Tuesday, June 3, 2025 Views178
Report Review of May 2025

Sectors:

Automobile & Air (Zhang Jing)

Utilities, Commodity & Banking (Margaret Li)

TMT, Semiconductors (Megan Tao)

TMT, Semiconductors, Consumer & Healthcare (Eric Li)

Automobile & Air (Zhang Jing)

This month I released 3 updated reports of Minth(425.HK), Tuopu (601689.CH) and Wanfeng(002085.CH). Among which, we prefer Minth(425.HK) and Tuopu (601689.CH).

In 2024, Minth Group reported total revenue of RMB23.15 billion (RMB, the same below), up 12.8% yoy; net profit attributable to the parent company was RMB2.32 billion, up 21.9% yoy. This was mainly attributable to the scale effect from increased turnover, the continued improvement in capacity utilisation of the battery house product line, and cost reduction and efficiency enhancement measures across various product lines, which led to a yoy increase in gross profit compared to 2023, enabling the Company to maintain a sound overall level of profitability.

During the period, the gross margin was approximately 28.9%, up 1.5 ppts yoy. It was mainly driven by the increase in segment margin of plastic products and battery house by 1.1 ppts and 2.1 ppts, respectively. Specifically, the segment gross margin of the battery house business reached 21.4%, one step closer to the 25% target.

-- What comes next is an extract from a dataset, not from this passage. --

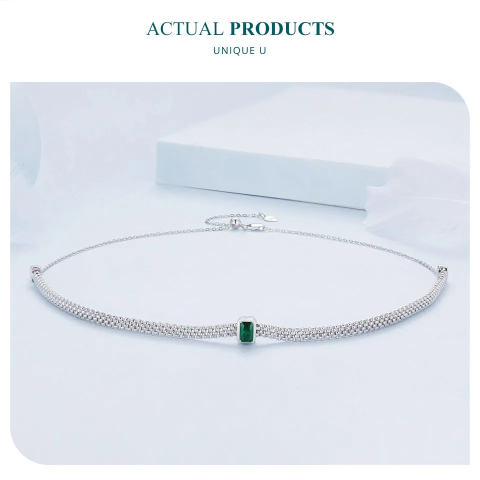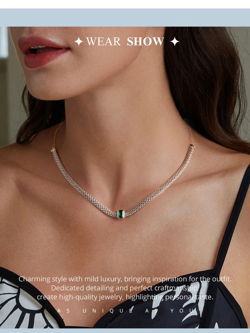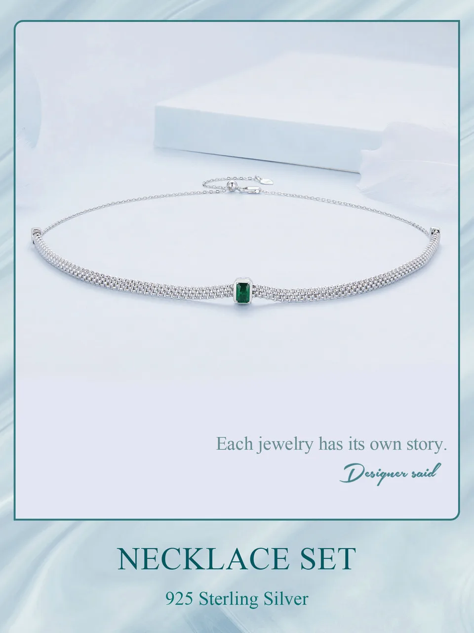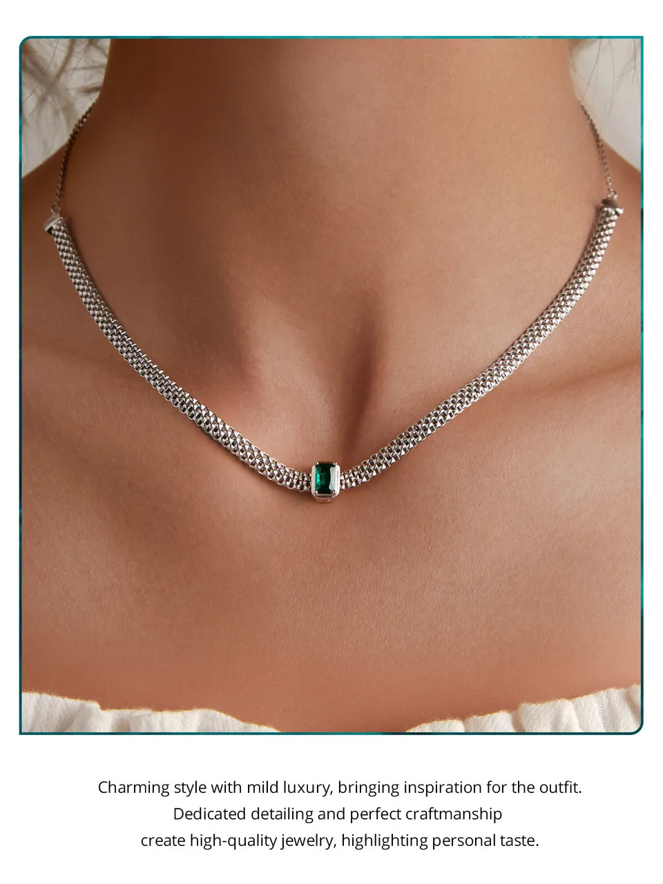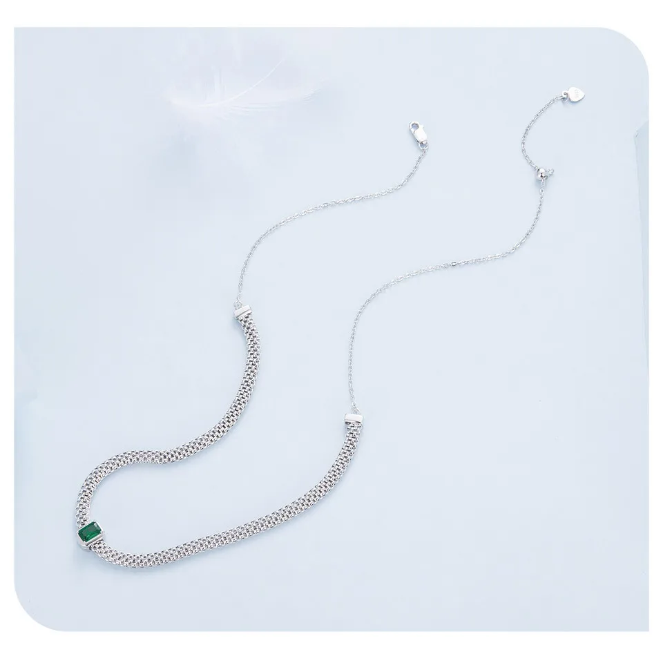 Bamoer 925 Sterling Silver Elegant Emerald Necklace Retro Braided Silver Neck Chain for Women Birthday Gift Fine Jewelry

The Company continued to optimise the operational efficiency of its global factories, strengthened the vertical integration capabilities of manufacturing processes at each site, and established benchmark factories while promoting their management models. For example, with the comprehensive capabilities of factories in Mexico and Thailand having significantly improved and stabilised, the Company has leveraged the advantageous resources of North America, Thailand, and China to reduce local operating costs in North America. It is worth noting that the Company has continued to improve the localisation rate of production in North America and Europe, thereby keeping the impact and uncertainties arising from tariffs and geopolitical factors within a controllable range and enhancing the competitiveness of its products in those regions.

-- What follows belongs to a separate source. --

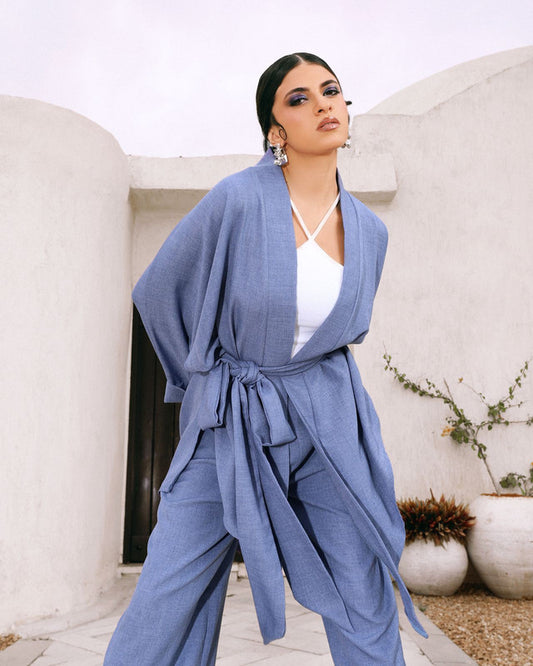 Women's Linen V-Cut Cardigan Set - Blue | Stylish & Comfortable | Made in Egypt

The Company is actively exploring new tracks and has made forward-looking deployments in wireless charging for electric vehicles, bionic robots, and low-altitude aircraft (eVTOL), including core components such as electronic skin, smart visors, integrated joints, fuselages, and rotors. Small-batch sample deliveries were completed within the year, and cooperation agreements were reached with several leading enterprises. The cultivation of new tracks and expansion into new markets are expected to create a second growth curve, driving the Company's sustainable development in the medium to long term.

The Company's cash flow also improved, leading to the resumption of dividend payments after a one-year suspension and share buyback, signalling the management's confidence in the Company's future development.

We revised the expected EPS for 2025/2026 to 2.43/2.89(from 2.35/2.78)yuan, and introduce 2027 EPS forecast at 3.30yuan.

We believe that it is reasonable to give the Company a valuation of 10.3/8.6/7.6x P/E and 1.3/1.1/1.0x P/B for 2025/2026/2027, equivalent to target price of HK$ 27.8 and BUY rating.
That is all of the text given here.